Créé par les institutions européennes, ce programme permet aux étudiants d’effectuer pendant une année une partie de leurs études dans un autre établissement scolaire européen. Plus de 3 millions d’étudiants en ont déjà bénéficié. Le nom du programme vient du néerlandais Didier Érasme, né vers 1469 à Rotterdam et mort à Bâle en 1536, théologien reconnu pour son érudition humaniste, marquée par ses voyages à travers l’Europe, qu’il rêvait pacifiée et rayonnante de culture gréco-latine. ERASMUS est un acronyme pour « EuRopean Action Scheme for the Mobility of University Students » (« Programme d'action européen pour la mobilité des étudiants »). On voit qu’en 1987 l’anglais était déjà privilégié pour dénommer un programme, tant mieux pour Érasme, car si le français ou une autre langue latine avait été choisie, il aurait fallu trouver un nom commençant par P…

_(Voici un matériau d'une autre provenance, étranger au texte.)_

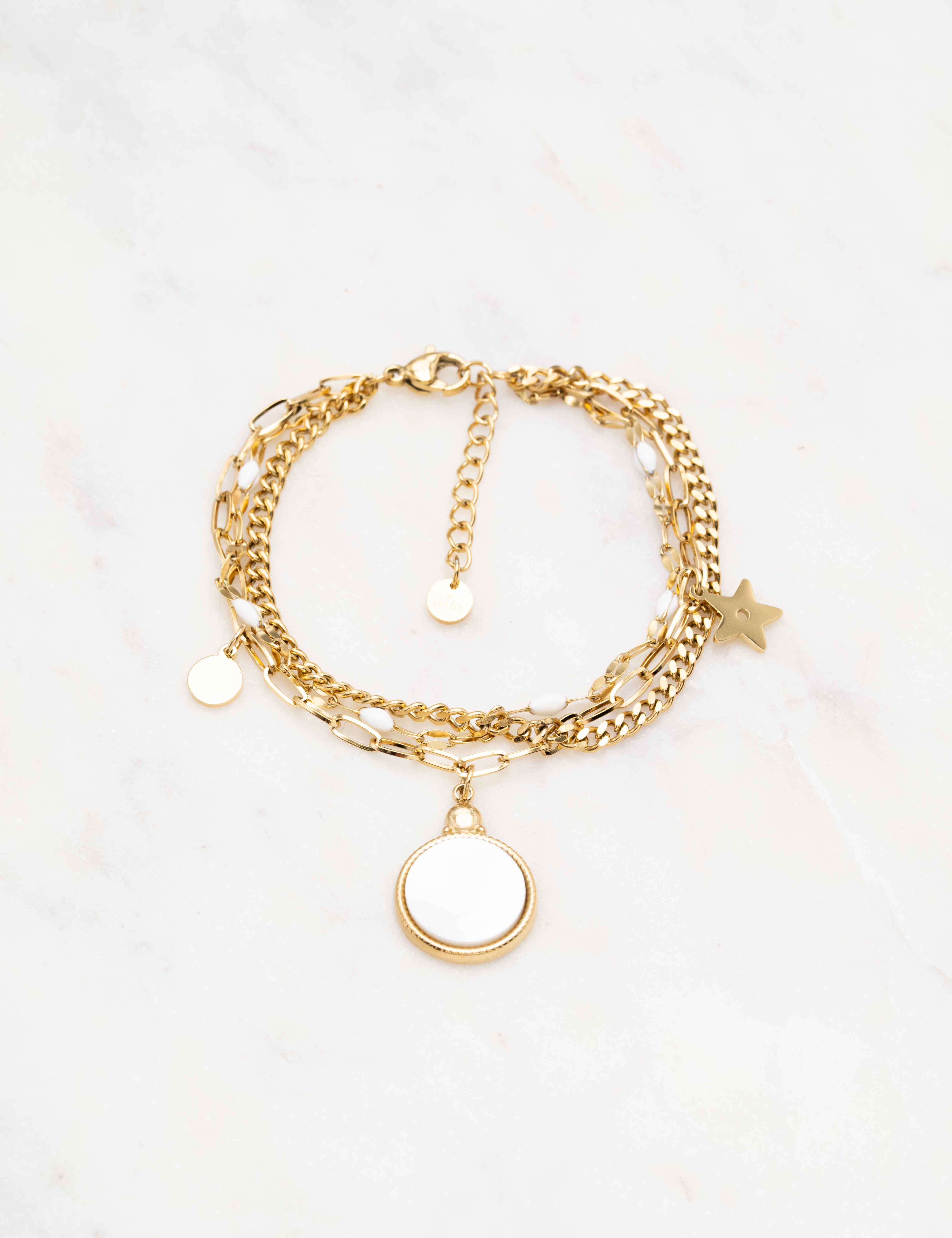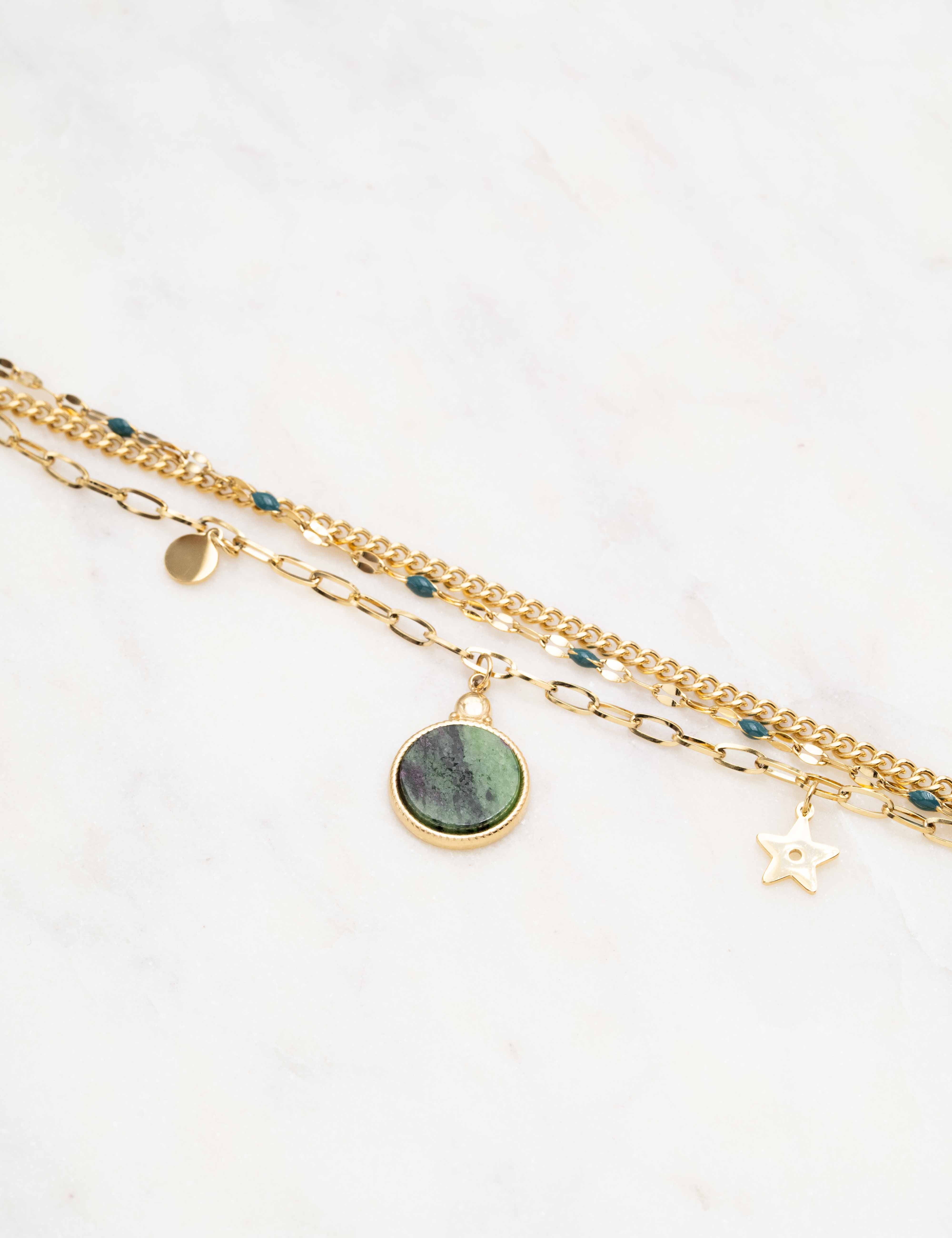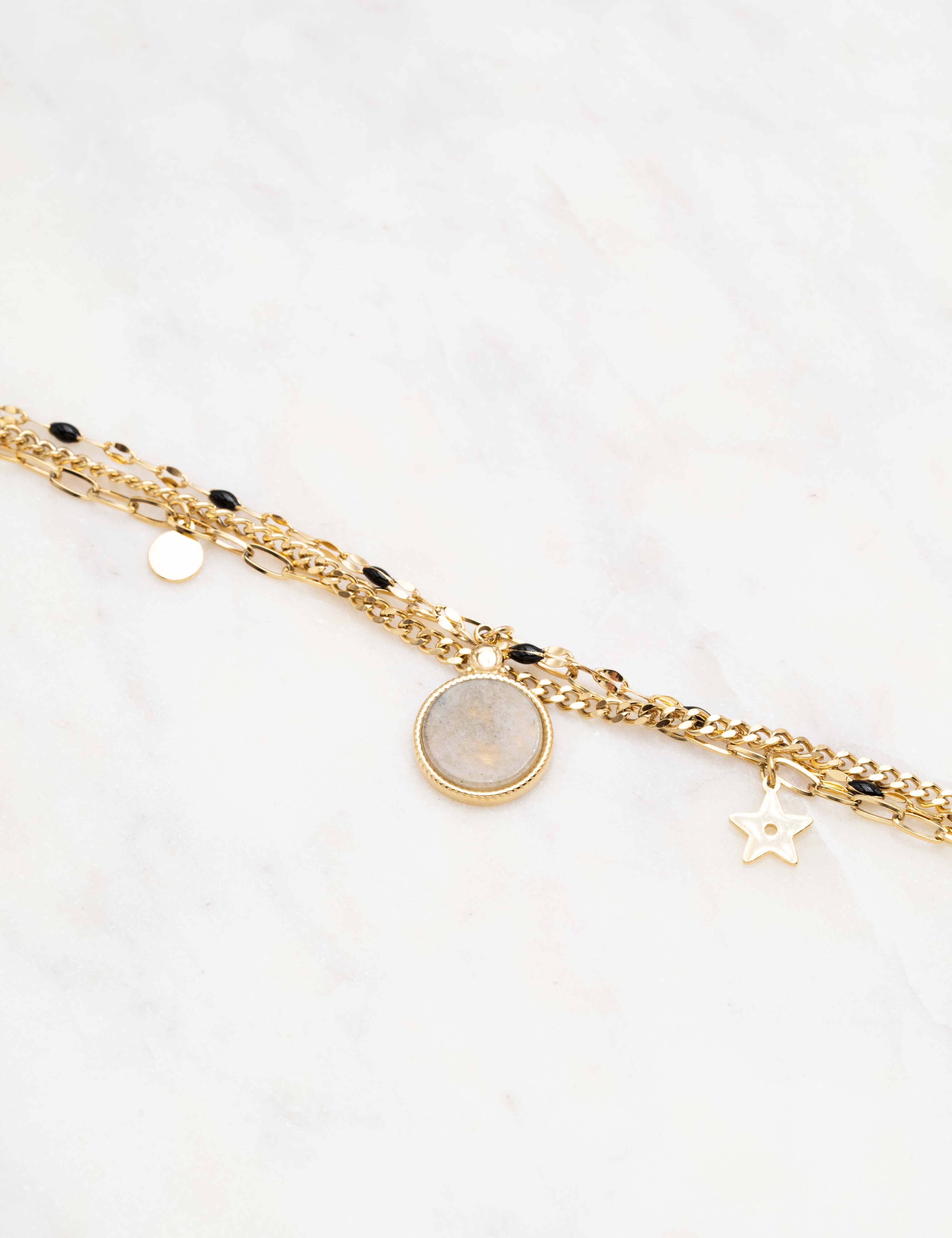 Bracelet réglable sur chaîne triple rangs avec maille composé de touches émaillées colorées, de 2 pampilles : ronde et étoile, et d'un pendentif rond orné d'une pierre naturelle.

Ce programme est ouvert aux jeunes des 28 états membres de l’UE, ainsi que l’Islande, le Liechtenstein et la Norvège. La Suisse, ayant eu la bonne idée de voter pour l’instauration de quotas limitant le nombre d’européens travaillant dans la Confédération, s’est vue exclue du programme en 2014. Alors que la Macédoine et la Turquie y ont droit depuis 2014, grâce à leur procédure d’adhésion à l’UE.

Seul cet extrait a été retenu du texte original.